POAR: Towards Open Vocabulary Pedestrian Attribute Recognition

Pedestrian attribute recognition (PAR) aims to predict the attributes of a target pedestrian in a surveillance system. Existing methods address the PAR problem by training a multi-label classifier with predefined attribute classes. However, it is impossible to exhaust all pedestrian attributes in the real world. To tackle this problem, we develop a novel pedestrian open-attribute recognition (POAR) framework. Our key idea is to formulate the POAR problem as an image-text search problem. We design a Transformer-based image encoder with a masking strategy. A set of attribute tokens are introduced to focus on specific pedestrian parts (e.g., head, upper body, lower body, feet, etc.) and encode corresponding attributes into visual embeddings. Each attribute category is described as a natural language sentence and encoded by the text encoder. Then, we compute the similarity between the visual and text embeddings of attributes to find the best attribute descriptions for the input images. Different from existing methods that learn a specific classifier for each attribute category, we model the pedestrian at a part-level and explore the searching method to handle the unseen attributes. Finally, a many-to-many contrastive (MTMC) loss with masked tokens is proposed to train the network since a pedestrian image can comprise multiple attributes. Extensive experiments have been conducted on benchmark PAR datasets with an open-attribute setting. The results verified the effectiveness of the proposed POAR method, which can form a strong baseline for the POAR task. Our code is available at \url{https://github.com/IvyYZ/POAR}.

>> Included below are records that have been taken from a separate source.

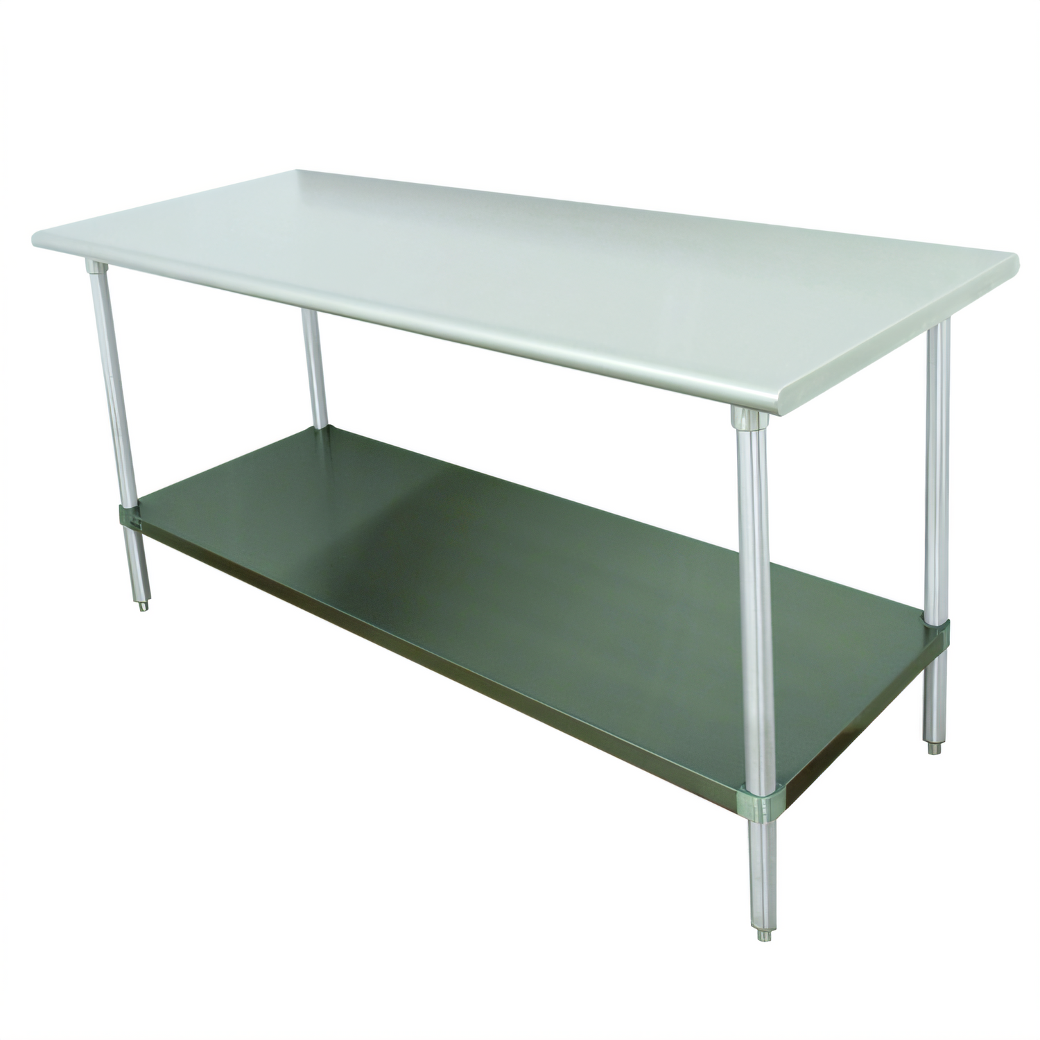 Advance Tabco TA-94-5 Stainless Steel Prep Table — heavy-duty commercial prep station with durable 16-gauge 304 stainless steel undershelf (5 linear ft.) for added storage and corrosion resistance. Ideal for professional kitchens, bakeries, and catering operations seeking long-lasting, hygienic workspace and ample under-counter organization. Trust Advance Tabco quality for reliable performance and easy cleaning.
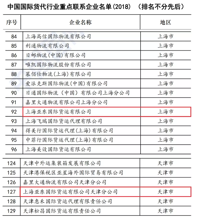 经过地方及国家商务主管部门的层层审核,综合考虑业务形态、管理技术、资源设施、区域分布、企业类型等因素,上海亚东国际货运有限公司与上海亚东国际货运有限公司天津分公司脱颖而出,共同成功入选2018年度中国国际货代行业重点联系企业。
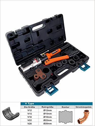 AMZCNC Pinza pressa idraulica professionale con ganasce a pressione, profilo a V 12-15-18-22-28 Set di utensili per pressare, per tubi in rame, tubo in acciaio C e tubi in acciaio inox,
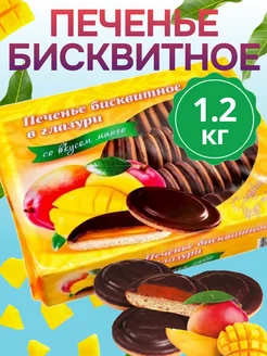 Печенье бисквитное клубника темная глазурь 1,2кг
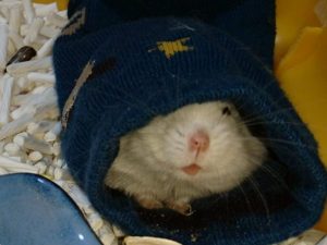 他の子はゲージについていたプラスティックの小屋や、バルサのおうちも使っていたのですが、衛生的に微妙だったのですよね。うちの子たちだけなのかもしれないのですが、プラスティックの小屋は寝床とトイレを兼用にしてしまって、湿気がたまりしっとりべったりしてにおいもすごくなってしまったんです。バルサ製のおうちはあっという間に噛み千切られてしまいました。しかし、朝方の寒さを考えると防寒対策をしないわけにはいきません。
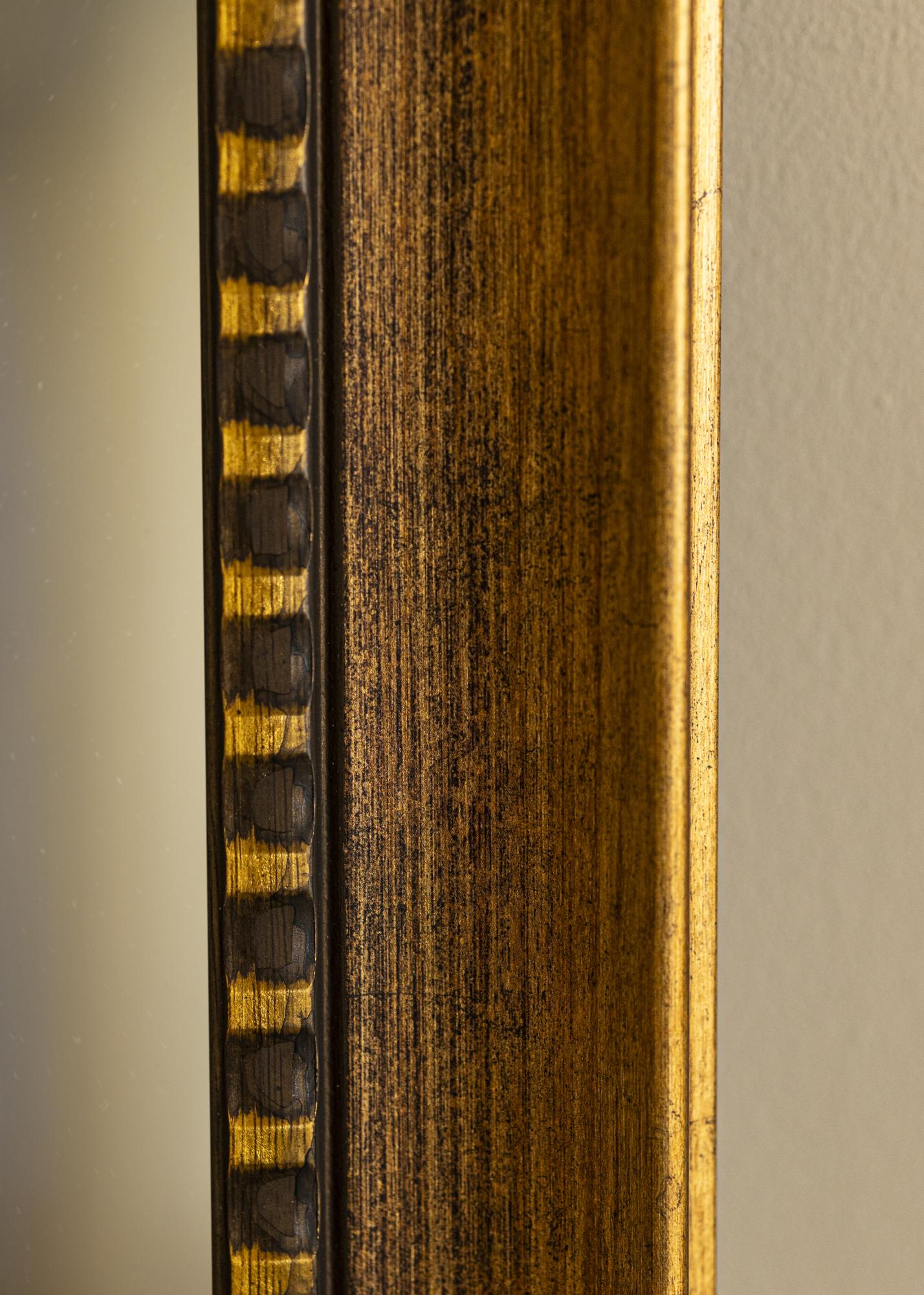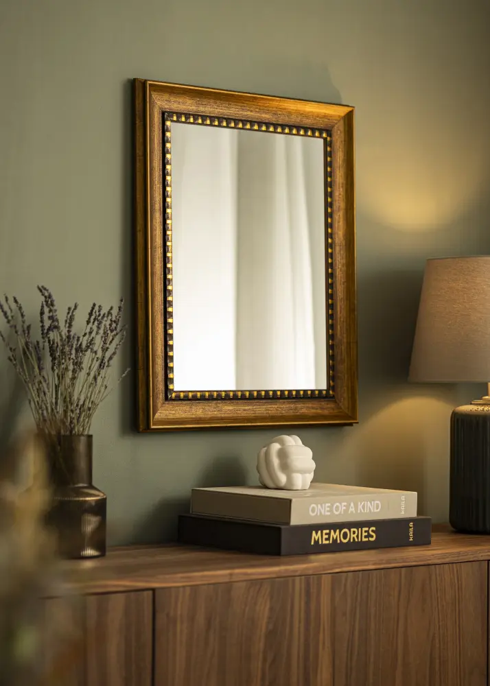 Sellel peeglil on soe pruun värv elegantse antiikviimistlusega, mis annab ruumile ajatu võlu. Lai profiil on peene läikega ja kaunistatud kuldse ja musta triibulise detailiga mööda sisemist serva. See loob ilusa kontrasti ja tõmbab pilgu peegli keskpunkti.
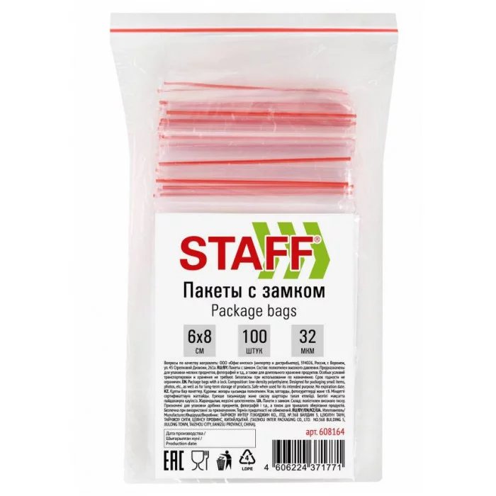Пакеты с замком ZIP-LOCK "зиплок", комплект 100 шт., 60х80 мм, ПВД, толщина 32 мкм, STAFF, 608164

翻译：行人属性识别（PAR）旨在预测监控系统中目标行人的属性。现有方法通过预定义属性类别训练多标签分类器来解决PAR问题，但在现实世界中，不可能穷举所有行人属性。为解决这一问题，我们提出一种新颖的行人开放属性识别（POAR）框架。核心思路是将POAR问题转化为图像-文本搜索问题。我们设计了一种基于Transformer的图像编码器，并采用掩码策略。一组属性令牌被引入以聚焦特定行人部位（如头部、上身、下身、脚部等），并将对应属性编码为视觉嵌入。每个属性类别被描述为自然语言句子，并由文本编码器编码。随后，我们计算属性视觉嵌入与文本嵌入之间的相似度，为输入图像找到最佳属性描述。不同于现有方法为每个属性类别学习特定分类器，我们对行人进行部位级建模，并探索搜索方法来处理未见属性。最后，针对行人图像可能包含多个属性的情况，我们提出带掩码令牌的多对多对比（MTMC）损失函数来训练网络。在开放属性设置下的基准PAR数据集上进行了大量实验，结果验证了所提POAR方法的有效性，该工作可为POAR任务建立强基线。我们的代码开源在\url{https://github.com/IvyYZ/POAR}。